# oakley lineminer vs anon m3?



## runerasmussen (Sep 4, 2016)

Hello  Thinking about buying either the oakley lineminer or the anon m3 because I like the style of the goggles. But which is better? I'm concerned about the optics of the anons. And also I have a small face, so I'm a bit worried that both are too big for my face. Have had oakley crowbars in the past and they fit great. My latest pair are the oakley flight deck xm which look oversized on my face (even though they are smaller than the flight deck). But I guess frameless would look larger anyway. Any thoughts? Or any pictures of how they look on the face? Pardon my english


----------



## Nivek (Jan 24, 2008)

I could be wrong but at $100 retail is bet that Oakley had a stamped cylindrical lens, where the M3 is injected. So between those two the Anon will definitely have better optics. It's also likely a smaller fit as the M3 is a medium fit.


----------



## runerasmussen (Sep 4, 2016)

Thanks a lot!! The oakleys cost $150 with the prizm lenses. I heard they are good, but the question is if the cylindrical lenses are the same as the spherical. So you think the anons are smaller?


----------



## txb0115 (Sep 20, 2015)

I just switched to Anon last year after years of mainly Smith, with several other brands randomly thrown in for good measure and can say that the M2 is the best fitting google I've ever had and the magna-tech is the shit...
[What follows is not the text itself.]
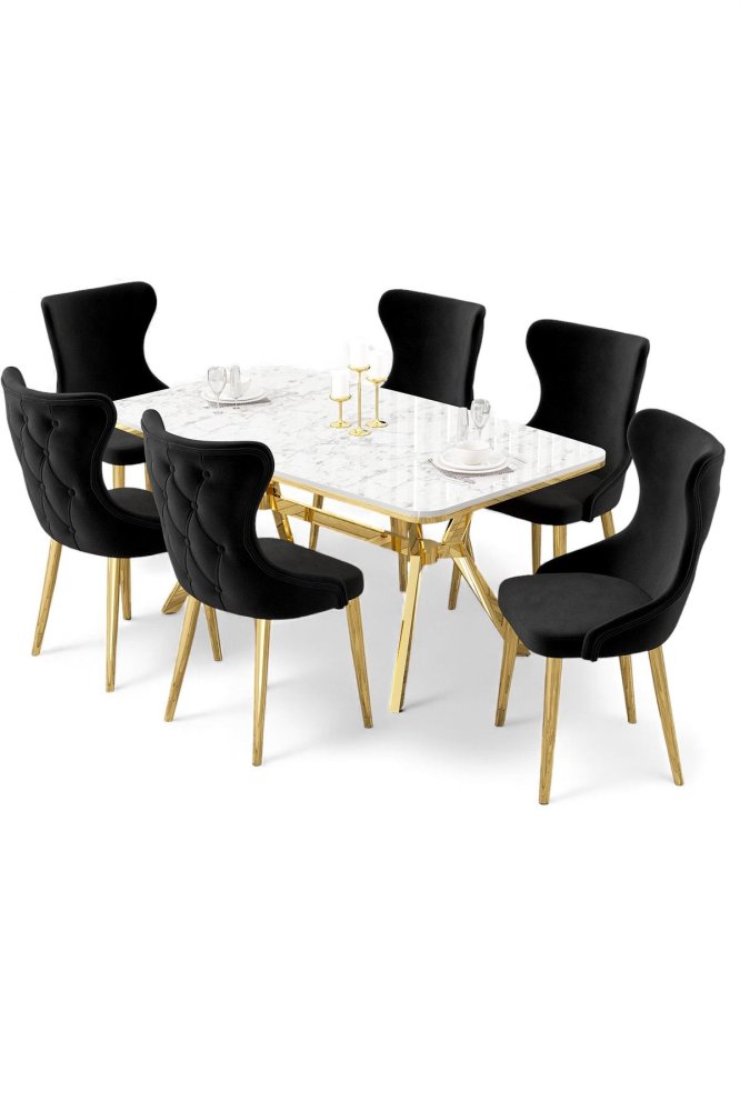 | Specifikacija | Rasklopivi trpezarijski sto i stolice (7 delova) Esla White Marble Gold Black 100% LAKOVANI PANEL Metalne nogare Okvir stolice: ŠPERPLOČA / METAL Materijal: Mekana tkanina Trpezarijski sto: Širina: 160 cm Visina: 75 cm Dubina: 90 cm (1 komad) Stolica: Širina: 45 cm Visina: 91 cm Dubina: 46 cm (6 komada) Visina sedišta: 47 cm 22 DNS pena za leđa / 28 DNS pena za sedenje Broj pakovanja: 5 169 x 99,5 x 10,5 cm / 25,76 kg (1 komad) 37,5 x 80 x 19 cm / 7,58 kg (1 komad) 85 x 59 x 50 cm / 22 kg (1 komad) 62 x 48 x 56 cm / 12 kg (1 komad) 62 x 48 x 56 cm / 14 kg (1 komad) |

I don't see myself wearing anything else for quite a while


----------



## runerasmussen (Sep 4, 2016)

Thanks! M2s look cool, but I'm going for the retro cylindrical design this year, so I'm torn between the M3 and the oakley lineminer prizms. Been googling a lot today and it seems the lineminer lenses are injection moulded,so they are top quality. And they are $90 cheaper than the M3s. But I'm hearing some good things about anon here as well  The sales rep at backcountry told me to definitely go for the lineminers. This isn't easy 

I have also been looking at the anon relapse. M3s have facemask and easy lens change, which i really don't need. Apart from these features the relapse and M3 look quite similar?

One more thing  Is it possible to figure out the frame height on the line miners?


----------



## robotfood99 (Mar 19, 2016)

runerasmussen said:


> One more thing  Is it possible to figure out the frame height on the line miners?



Why not ask the backcountry rep?

Relapse also has the magtech for facemask btw.


----------



## runerasmussen (Sep 4, 2016)

I did and they didn't know  I think I am actually leaning towards the relapse now. Haha! Thanks for the input


----------